As Kantorowicz makes clear, the late-medieval jurists valorized by Ferguson as proto-chartalists and soft-money theorists were in fact attempting to drive a distinction between public and private into the heart of the idea of the “fisc as the sacculus regis, ‘the king’s purse into which money was received’”(178) in order to constrain, rather than empower, the king’s arbitrary authority over spending and monetary policy. “Would the fisc then be the property of the Prince or was he merely the administrator and vicar of the fisc, assuming the privileges which derived from it, but responsible for its undiminished preservation for the benefit of his successors? And how did the fisc compare with the other appurtenances which the Prince was entitled to alienate, of which he could freely dispose?” (179). The notion that the fisc was both sacred and inalienable, then, is in fact a discourse of what we would now call “financial responsibility,” or the obligation of the king to steward the contents of the treasury, as a trustee rather than as a private proprietor, and to leave it undiminished for his successor. It was for this purpose that “Bracton distinguished between the rex regnans and the Crown” (186), creating a “parallelism of God and the fisc” that led to a “split, as yet hardly visible, between the ‘reigning king’ and the financial ‘holy district’ within the realm” (190). And in whose interests was this rhetorical cleavage mobilized? Kantorowicz leaves no room for doubt: “while the English kings reigning in the thirteenth century tried to ignore even the existence of a cleavage between themselves and the things public, the various baronial opposition groups were ready to widen that split and to pit the res publicae against the rex regnans… Within the orbit of public affairs, and especially public finances, the barons could venture to control the king, to bind him to a council of their own choice, and thus to demonstrate that things of public concern no longer touched the king alone, but ‘touched all,’ the king as well as the whole community of the realm” (190). The sacredness of the fisc, in other words, led to a situation in which “the fisc finally became a goal in itself” (189) — a formulation which is resolutely and definitively opposed to the principles of functional finance.
As this discussion makes clear, Ferguson’s attempt to recuperate the notion of a sacred fisc for the ideological underpinnings of neochartalism completely misses the mark, with the result that he champions a hard-money creditors’ ideology without realizing that this is what it is. A more serious reading of the sources should make it clear that what the neochartalists need is a theory of the fisc, not as sacred or holy, but as completely and utterly profane. Whether or not they choose to take up that task is up to them.
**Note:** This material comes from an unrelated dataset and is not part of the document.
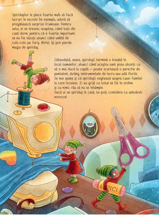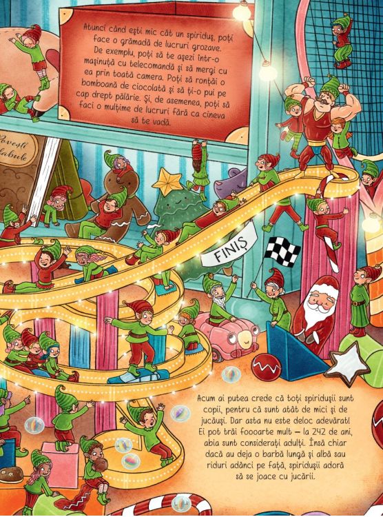 Stiai ca spiridusii au inimile din turta dulce si ca bataile lor de inima suna ca tropotul unor copite, ca sunt foarte puternici pentru ca mananca atat de mult martipan si ca nu uita niciodata o familie pe care au vizitat-o macar o data? Din aceasta carte vei afla totul despre spiridusi: ce se intampla la Marea Competitie de Impachetat Cadouri, de ce se muta ei la oameni in perioada de dinaintea Craciunului, cum isi folosesc magia spiriduseasca si de ce le place atat de mult sa danseze.

In my next letters, I will turn to more directly historical and less philosophical concerns, as I fact-check the claims made in an early essay of Stephanie Kelton which is foundational for the MMT school: “A Chartalist Critique of John Locke's Theory of Property, Accumulation, and Money: or, is it Moral to Trade Your Nuts for Gold?” Stay tuned. - CD
REFERENCES:
Ferguson, Scott. Declarations of Dependence: Money, Aesthetics, and the Politics of Care. Lincoln: University of Nebraska Press, 2018.
Kantorowicz, Ernst. The King’s Two Bodies: A Study in Medieval Political Theology. Princeton: Princeton University Press, 2016.